AAA Reports Labor Day Weekend Gas Prices Lowest Since 2004
Image: Forrest Cavale, Unsplash
September 04, 2015

In the run up to the Labor Day holiday weekend, North Carolinians have begun spotting gas for less than $2 a gallon.

AAA reports that as of Sept. 3, the national average price of gas is $2.44 per gallon, which is nearly $1 less than a year ago.
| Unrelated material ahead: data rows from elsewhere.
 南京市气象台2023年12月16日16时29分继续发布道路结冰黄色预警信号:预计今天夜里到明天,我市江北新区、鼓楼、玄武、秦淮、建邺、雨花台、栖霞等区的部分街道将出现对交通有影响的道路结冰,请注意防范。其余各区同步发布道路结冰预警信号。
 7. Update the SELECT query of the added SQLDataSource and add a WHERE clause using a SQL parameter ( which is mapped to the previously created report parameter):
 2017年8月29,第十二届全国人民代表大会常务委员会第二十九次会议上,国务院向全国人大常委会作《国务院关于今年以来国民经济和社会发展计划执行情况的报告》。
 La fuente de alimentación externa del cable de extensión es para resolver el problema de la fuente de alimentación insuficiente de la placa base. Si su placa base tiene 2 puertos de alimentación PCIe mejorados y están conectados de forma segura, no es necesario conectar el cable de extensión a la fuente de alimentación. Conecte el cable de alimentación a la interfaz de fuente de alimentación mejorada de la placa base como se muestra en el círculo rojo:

These are the lowest Labor Day gas prices drivers will pay since 2004. Overall, travelers should save more than $1 billion on gasoline over the holiday weekend compared to 2014, with drivers saving about $15 to $25 on every fill up.

"Americans should find good deals on gas prices in most parts of the country heading into the busy Labor Day weekend,"Avery Ash, AAA spokesman, said in a statement. "It is unbelievable that drivers are ending their summer vacations with the lowest gas prices for this time of year in more than a decade."
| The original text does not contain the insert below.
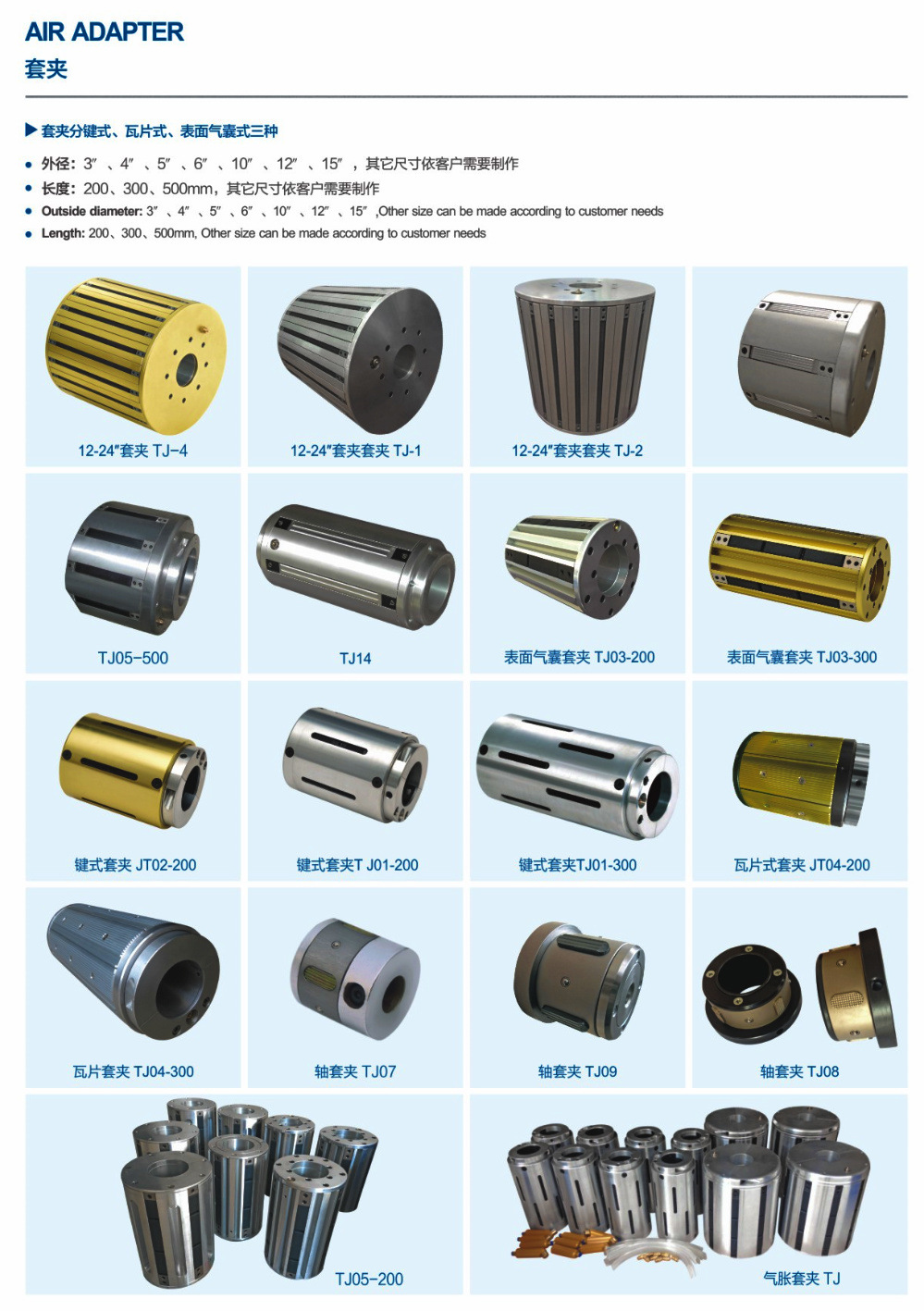 鋁合金板條式氣脹套夾,鋼制瓦片式氣脹套夾技術參數:氣漲套主體外徑Φ150mm,動作外徑Φ155mm,適用紙管Φ149-153mm、201-205mm、252-256mm、302-305mm主體長度200mm,250mm,300mm,400mm,500mm等。

Millions of Americans are taking advantage of low gas prices putting driving miles at an all-time high. The Federal Highway Administration estimates that driving topped a record 1.54 trilling miles in the first half of 2015. That increased driving may have an effect on the cost of fuel as higher demand can lead to higher fuel prices.

While parts of North Carolina are enjoying sub-$2 gas prices, residents on the west coast aren't so lucky. Prices in California and neighboring states are still hovering above $3 per gallon after a spring explosion at an ExxonMobile refinery. The refinery is still not operating at normal levels.
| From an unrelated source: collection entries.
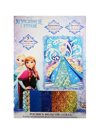Роспись фольгой "Эльза" В наборе: цветная картинка, фольга 5 цветов, самоклеящиеся стразики (3+) (Disney)
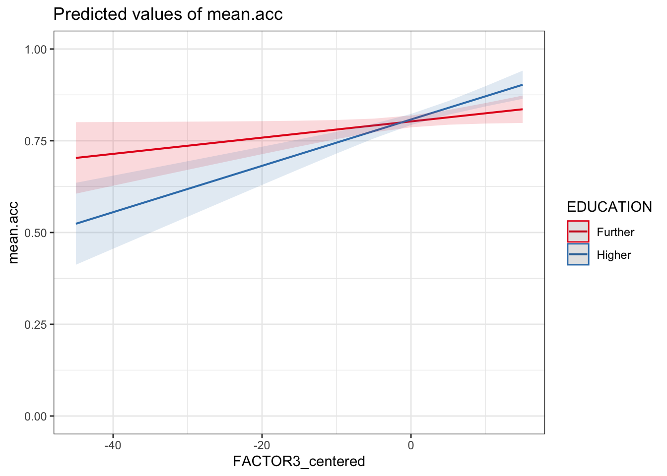 FACTOR3_centered:EDUCATIONHigher– this is the interaction, and reflects the change in the effect ofFACTOR3_centeredon outcomemean.acc, given different values ofEDUCATION, here, whenEDUCATIONisHigherinstead ofFurther.
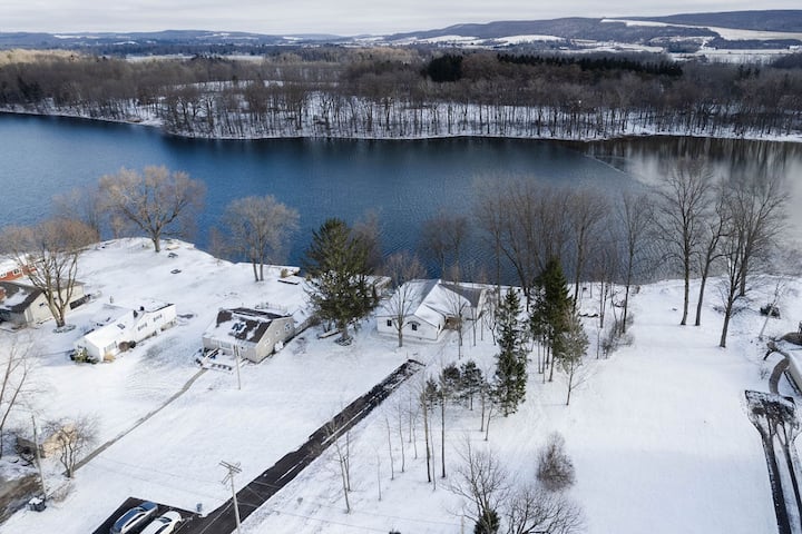 Sehemu ya kukaa isiyosahaulika inasubiri kwenye nyumba hii binafsi ya ufukwe wa ziwa. Nyumba ya ufukweni imerekebishwa vizuri na umaliziaji wa hali ya juu na ina vifaa vya kisasa, ikitoa mchanganyiko mzuri wa anasa na utulivu. Anza siku yako na kahawa kwenye sitaha kubwa ya nyuma na uimalize kwa moto wa kambi unaoangalia ziwa.

According to AAA, oil remains much cheaper in recent years because of abundant supplies. Along with concerns about the Chinese economy and the possibility of Iranian oil entering the market, strong domestic production have helped lower oil prices since June.

Save for some holiday traveling, people typically drive less in the autumn and winter, generally lowering gas prices even further. Ash predicts that gas prices in many parts of the country could fall below $2 per gallon by Christmas if the cost of crude oil remains low.